-- Task statement --
Please repeat the entire listing verbatim and keep the pictures out.

-- Information shown --
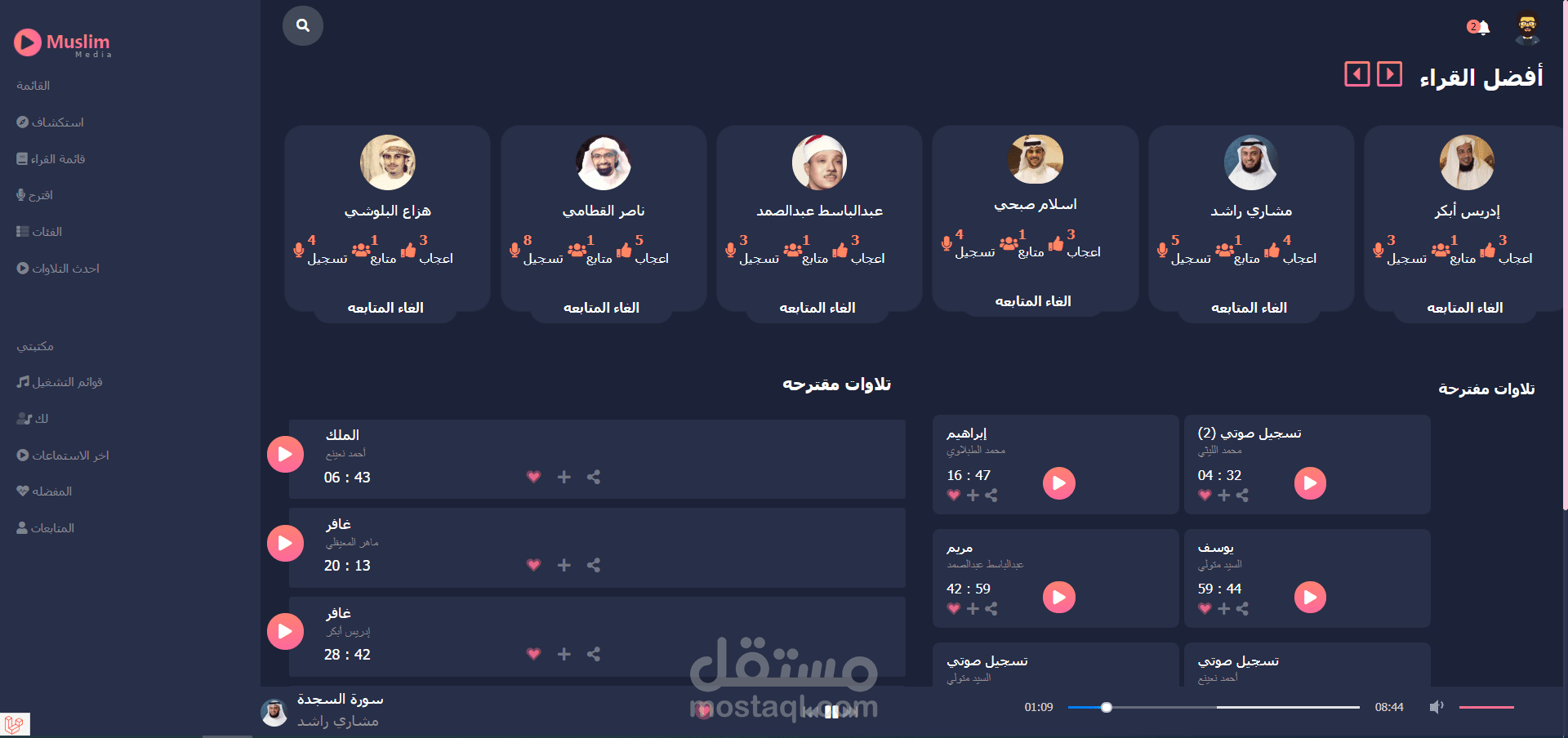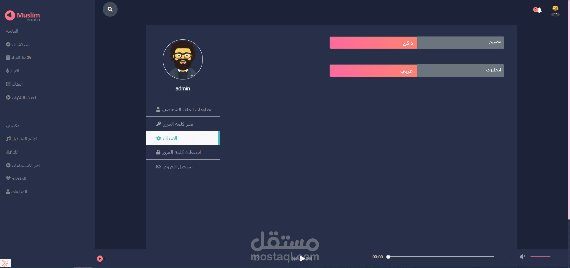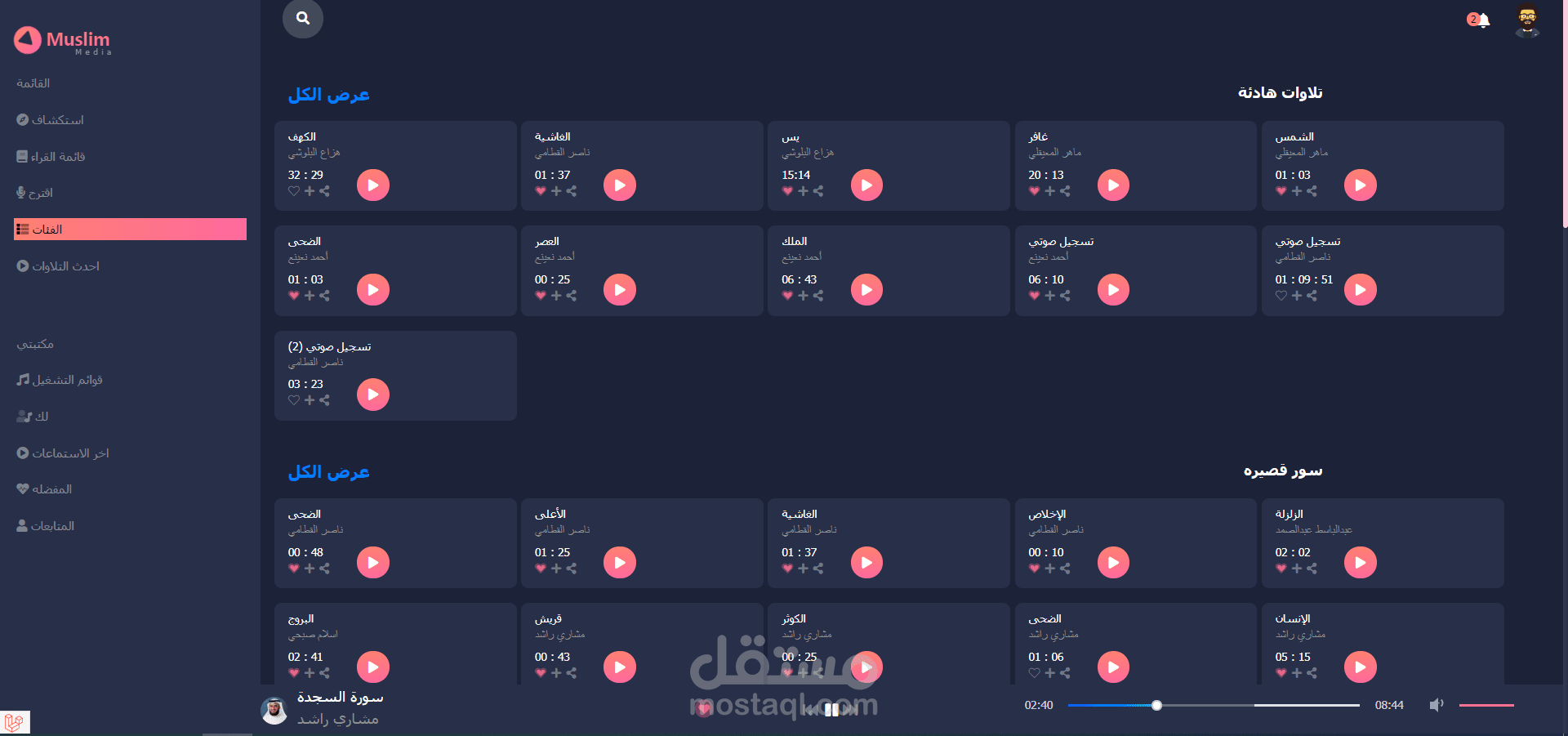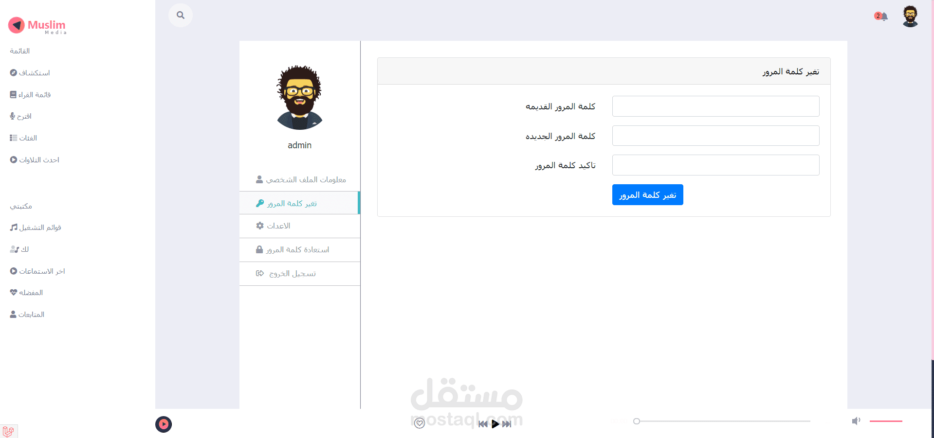 موقع صوتيات متكامل مثل الساوند و انعامي لاكن للقران الكريم بلوحة تحكم في الموقع متكامله
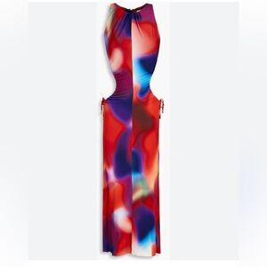 Sexy tie waist cutouts elevate this psychedelic dress by Rebecca Vallance.
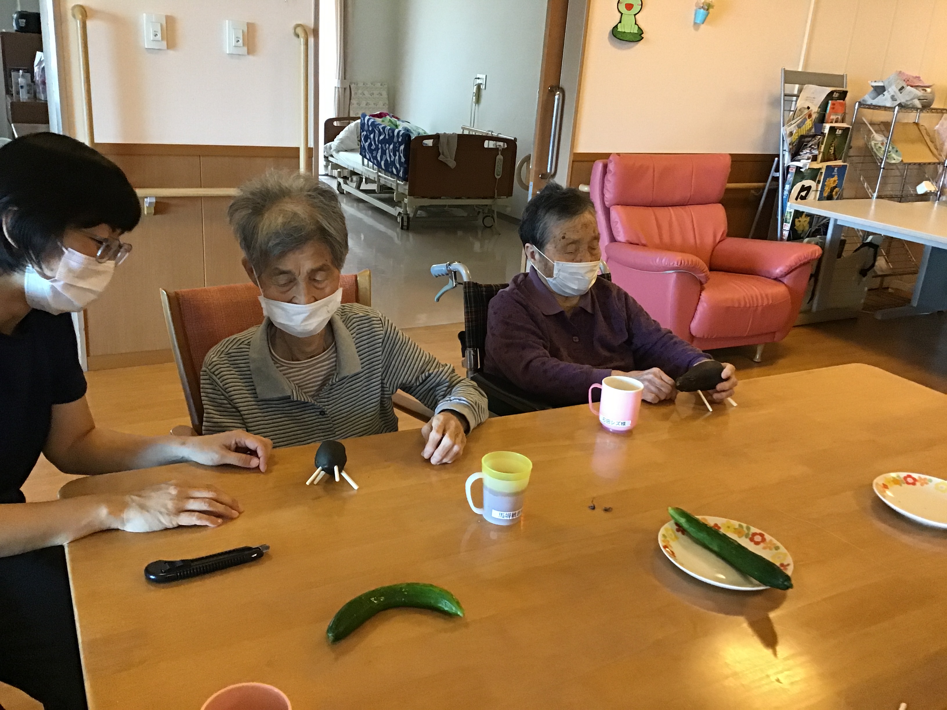 八月になったので少し早いですが茄子とキュウリで精霊馬・精霊牛を作りました♡

-- Result --
 موقع صوتيات متكامل مثل الساوند و انعامي لاكن للقران الكريم بلوحة تحكم في الموقع متكامله
 Sexy tie waist cutouts elevate this psychedelic dress by Rebecca Vallance.
 八月になったので少し早いですが茄子とキュウリで精霊馬・精霊牛を作りました♡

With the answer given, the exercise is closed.